> **Task statement**
Exactly as written, print every line of the listing below and omit its pictures.

(Beginning of The data)

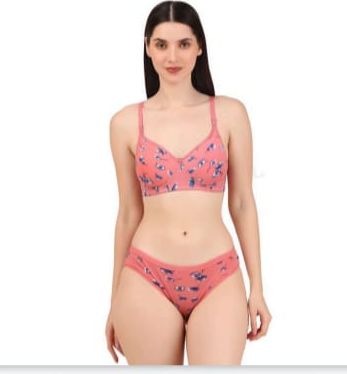 Nylon Lily Printed Lingerie Set, Color : Light Pink
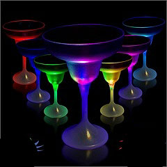 Each glass stands 6" tall and comes complete with batteries, so just add your favorite margarita, flip on the switch and watch this get some attention!!
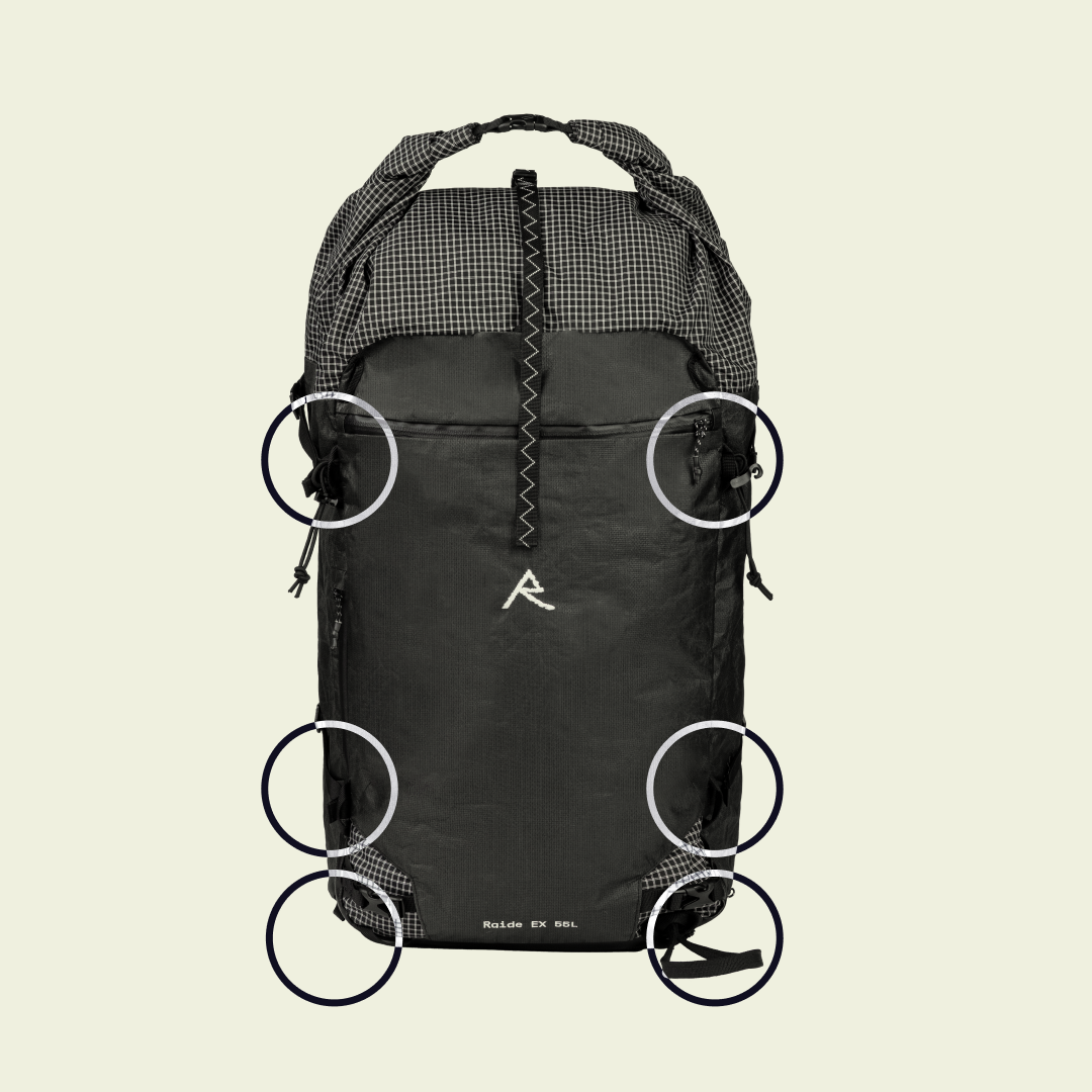 Equipped with eight lashing points for attaching accessories such as a helmet, sled, foam sleeping pad, etc.

(End of The data)

> **Exercise solution**
 Nylon Lily Printed Lingerie Set, Color : Light Pink
 Each glass stands 6" tall and comes complete with batteries, so just add your favorite margarita, flip on the switch and watch this get some attention!!
 Equipped with eight lashing points for attaching accessories such as a helmet, sled, foam sleeping pad, etc.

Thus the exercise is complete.